Такой же характер носит панорама в американской картине «Вива Вилья» – эпизод боя в городе. Аппарат, поворачиваясь, захватывает улицы одну за другой, описывает полный круг и показывает, что бой кипит повсюду. Можно снять это в ряде монтажных кадров, но тогда это будет ряд пунктов боя, а панорама дает ощущение масштаба сражения, охватившего весь город, дает жизненно убедительное доказательство этого масштаба.
По этому же принципу была сделана панорама в эпизоде вступления немцев в Краснодон в картине «Молодая гвардия».
Уже из приведенных примеров ясны второе и третье принципиальные преимущества панорамы: она убедительно показывает зрителю одновременность действия (ибо монтаж, как уже было сказано, разрушает реальное течение времени) и единство места действия (ибо монтаж разрушает и ощущение реального пространства, вернее, деформирует его).
В одной старой зарубежной кинокартине была показана демонстрация забастовщиков. Применение вертикальной панорамы с поворотом камеры придало зрелищу большую убедительность и силу. Сделано это было так: по улице движется на зрителя толпа рабочих. Камера поначалу стоит низко, и мы видим только передние ряды. Затем камера начинает подниматься вверх, и, по мере того как меняется угол зрения, все большая и большая масса рабочих начинает вливаться в кадр. Когда демонстранты подходят совсем близко к переднему краю кадра, камера вдруг поворачивается, и мы видим скрытый за углом отряд солдат с пулеметами. Это производит исключительно сильное впечатление. Монтажное сопоставление забастовщиков с солдатами, разумеется, не могло бы создать такого эффекта.
В американском фильме «На Западном фронте без перемен» беспрерывной панорамой снята атака американских солдат на немецкие окопы. Аппарат быстро движется вдоль окопа, причем в поле зрения его – бегущие к окопу и падающие солдаты. Иногда на переднем плане мелькает спина стреляющего пулеметчика. На экране возникают все новые и новые фигуры солдат, и они падают и падают, прыгают в окоп, бегут и падают, падают без конца. Если бы эти падения, схватки, смерть, стрельбу снять в ряде отдельных кадров, никогда не получилось бы такого накопления масштаба. Выразительность кадра достигается именно движением: беспрерывно разворачивающаяся смерть. Здесь вся задача заключается в том, чтобы показать одновременность действия и ограниченность его в пространстве: на одном месте, в одну минуту.

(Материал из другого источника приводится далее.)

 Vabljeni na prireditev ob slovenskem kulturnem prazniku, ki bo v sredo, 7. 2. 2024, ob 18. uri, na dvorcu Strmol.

Панорама, отъездное или наездное движение камеры, если применять эти приемы принципиально, могут привести к глубокому и новому осмыслению зрелища.

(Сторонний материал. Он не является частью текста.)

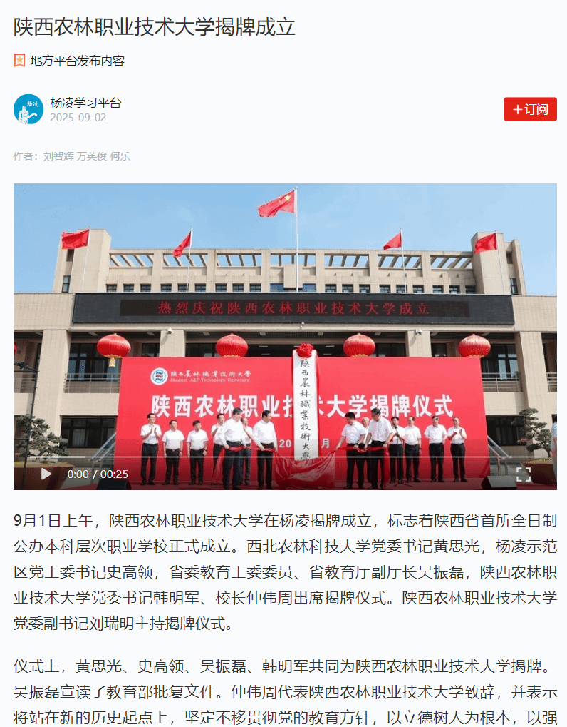 据了解,350vip浦京集团官网肇始于1934年创办的国立西北农林专科学校附设高职,前身为1999年由原国家级重点中专陕西省农业学校、陕西省水利学校和省部级重点中专陕西省林业学校合并组建成立的350vip浦京集团官网,2025年6月,经教育部批准设立350vip浦京集团官网,首批设立水利水电工程、建筑工程、现代通信工程、设施园艺、园林工程、动物医学6个本科专业。2025年,学校已成功招录首批本科生320人,生源质量和吸引力显著提升。

В одной картине времен немого кинематографа рассказана история безработного, который бедствует со своей молодой женой. В самом конце картины он все же устраивается на работу и приносит домой первые заработанные деньги. Долго смотрят они на эти бумажки, которые избавят их от голода, и решаются потратить два доллара и пойти в цирк.
И вот финал картины: на ковре работает «рыжий», и с ним монтируется крупный план хохочущей пары. Это герой и его жена. Аппарат начинает медленно отъезжать. В кадр входят их соседи справа, слева, сверху, снизу. Вот в кадре смеются десять человек, затем пятнадцать, двадцать. Аппарат продолжает очень медленно отъезжать. Вот уже в кадре смеются сто человек, пятьсот, тысяча… Уже с трудом можно отыскать знакомую пару, потерявшуюся среди людского моря, а аппарат отъезжает все дальше, и зритель начинает понимать, что означает этот отъезд камеры; он означает: таких, как эти двое, – миллионы. Идет затемнение и надпись: «Конец».
Фильм повествует о судьбе двух людей, но отъездная панорама придает ему острое социальное звучание. Это глубоко по мысли. Это волнует. Это подводит итог всему зрелищу. И в данном случае отъездное движение камеры нельзя заменить ничем.
Но возьмем теперь несколько строк из «Медного Всадника» Пушкина. Попробуем вчитаться и вдуматься в них, попробуем мысленно представить себе эти строки на экране.
Кругом подножия кумира Безумец бедный обошел И взоры дикие навел На лик державца полумира. Стеснилась грудь его. Чело К решетке хладной прилегло, Глаза подернулись туманом, По сердцу пламень пробежал, Вскипела кровь. Он мрачен стал Пред горделивым истуканом И, зубы стиснув, пальцы сжав, Как обуянный силой черной, «Добро, строитель чудотворный! – Шепнул он, злобно задрожав, – Ужо тебе!..» И вдруг стремглав Бежать пустился. Показалось Ему, что грозного царя, Мгновенно гневом возгоря, Лицо тихонько обращалось… И он по площади пустой Бежит и слышит за собой – Как будто грома грохотанье – Тяжело-звонкое скаканье По потрясенной мостовой. И, озарен луною бледной, Простерши руку в вышине, За ним несется Всадник Медный На звонко скачущем коне…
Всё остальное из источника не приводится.